Also, I can 100% confirm that she is holding! (Not that I doubted you anyway, Noddy ) I threw an algae wafer in there and she was picking at it, then swam off a bit and spit out a big orangeish egg then immediately picked it back up again! I was kind of surprised she did that, I'm assuming it was just because she was trying to eat the algae wafer though.


----------



## 679x (Jul 25, 2016)

Update time. Been 2 months, fish have been doing well (knock on wood), and just yesterday I managed to catch my Tropheus spawning on video! The video sucks cause they did it in a dark cave and I didn't want to shine the light on during the video because I didn't know if it'd disturb them.

They've been doing mating behaviour on and off for a bit, but when I turned the light on yesterday morning, I immediately saw a fish with a mouthful of what could only be eggs. Watched for a minute or so and they went back to spawning. It was pretty exciting to actually see it happen in person.
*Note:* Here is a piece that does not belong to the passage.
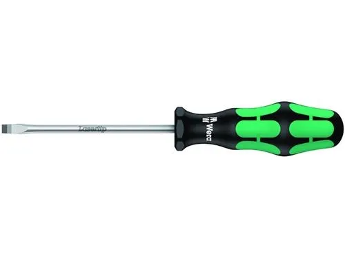 High quality Kraftform Plus screwdrivers. Multi-component Kraftform Plus handle for pleasant, ergonomic working that makes blisters and calluses a thing of the past. Hard gripping zones for high working speeds whereas soft zones ensure high torque transfer. The tips of the Wera Lasertip screwdrivers are microscopically roughened by laser beams. This rough surface literally bites into the head of the screw. Any unintentional slipping out is therefore prevented. "Take it easy" tool finder with colour coding according to profiles and size stamp – for simple and rapid accessing of the required tool. The hexagonal anti-roll feature prevents any bothersome rolling away at the workplace.

I'd upload the video but it's too dark to see much, it's kinda shaky cuz I was pretty surprised/excited, and there's lots of background noise. The only interesting part is that you can see one of the eggs halfway through the video, but that's about it.

Was gonna make a separate thread but decided not to.


----------



## 679x (Jul 25, 2016)

Update again -- the Tropheus Ikola that I said was holding eggs earlier today now appears to have no eggs. No bulging mouth like this afternoon. I am sure that I'm looking at the same fish, because she has a bit of stripes, and in front of her yellow band there's a small bit of yellow that extends past the band but doesn't go all the way down to the bottom of the fish. I don't know how else to explain it, but my point is, it's the same fish.
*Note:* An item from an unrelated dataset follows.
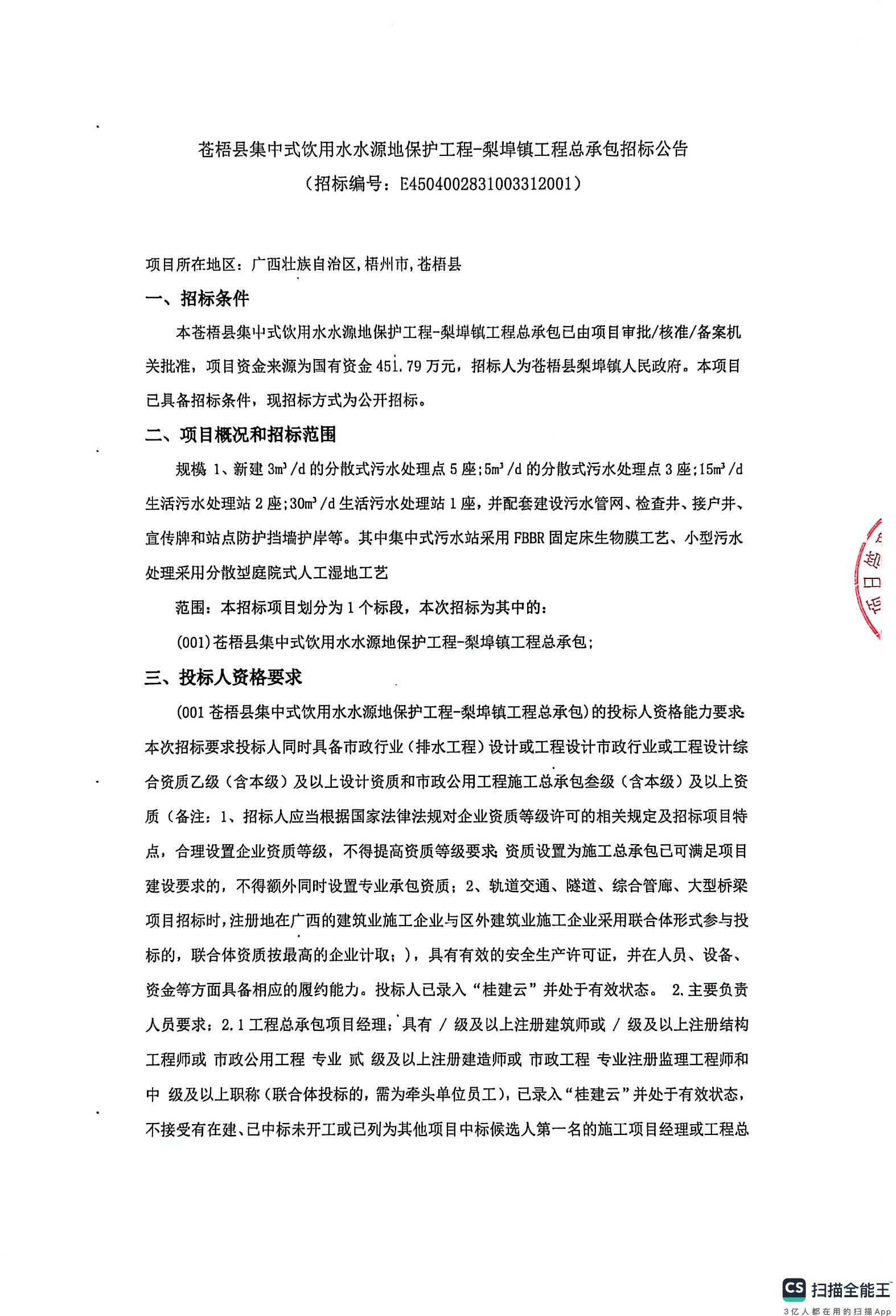 廣西蒼梧縣集中式飲用水水源地保護工程-梨埠鎮工程總承包招標公告

So this would mean that after spawning FOR SURE yesterday, and still holding eggs this morning, the fish seems to have just eaten the eggs or something?
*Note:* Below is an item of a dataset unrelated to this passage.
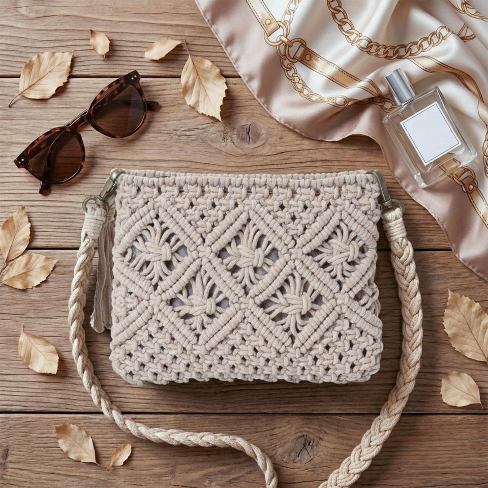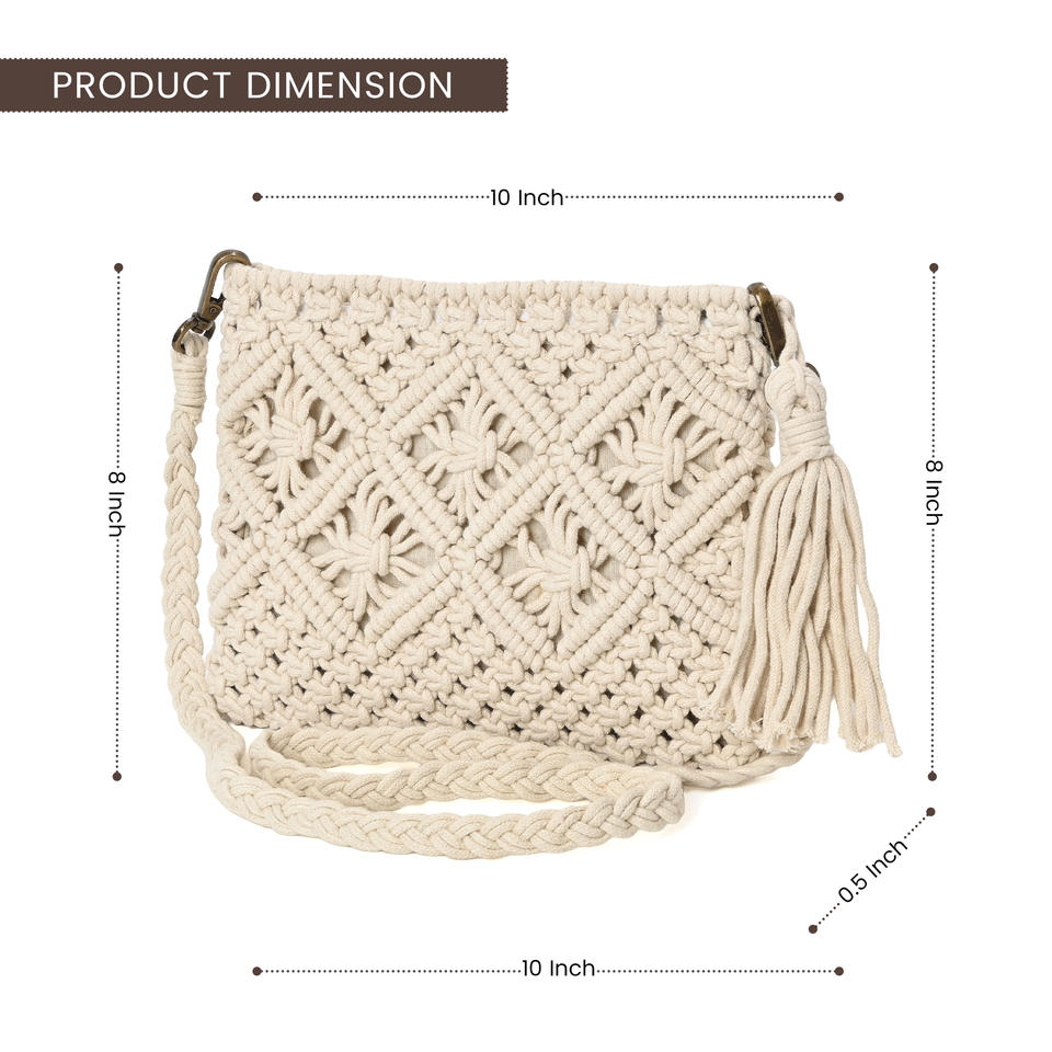 กระเป๋าสะพายข้างทำมือสไตล์โบฮีเมียนจากผ้าฝ้ายถักมาคราเม่ พร้อมพู่ห้อย กระเป๋าคลัทช์สะพายไหล่สไตล์วินเทจสำหรับผู้หญิง

I actually had a very similar situation with another Tropheus Ikola, the one that I asked whether she was holding or not earlier in this thread. After posting the pictures and receiving a reply saying she was holding, the next day the mouth bulge seemed to have disappeared. I wrote this all down on my phone so I know the exact dates. A few weeks ago the same fish looked like she had eggs again for a single day, then the next day, the bulging mouth was gone again. And now it's happening again on this other female, except this time I have PROOF that she had eggs at one point.

So what could be happening to these fish? Why would they only be carrying eggs for a day? Is it just because they're young/inexperienced? I'm assuming it's nothing to worry about, but I still find it odd and rather disappointing. I haven't read about other people's experiences with this kind of thing; I think I remember reading about some fish holding for a few weeks but not for the full term, but never read about a fish holding for only a day, let alone two different fish doing the same thing.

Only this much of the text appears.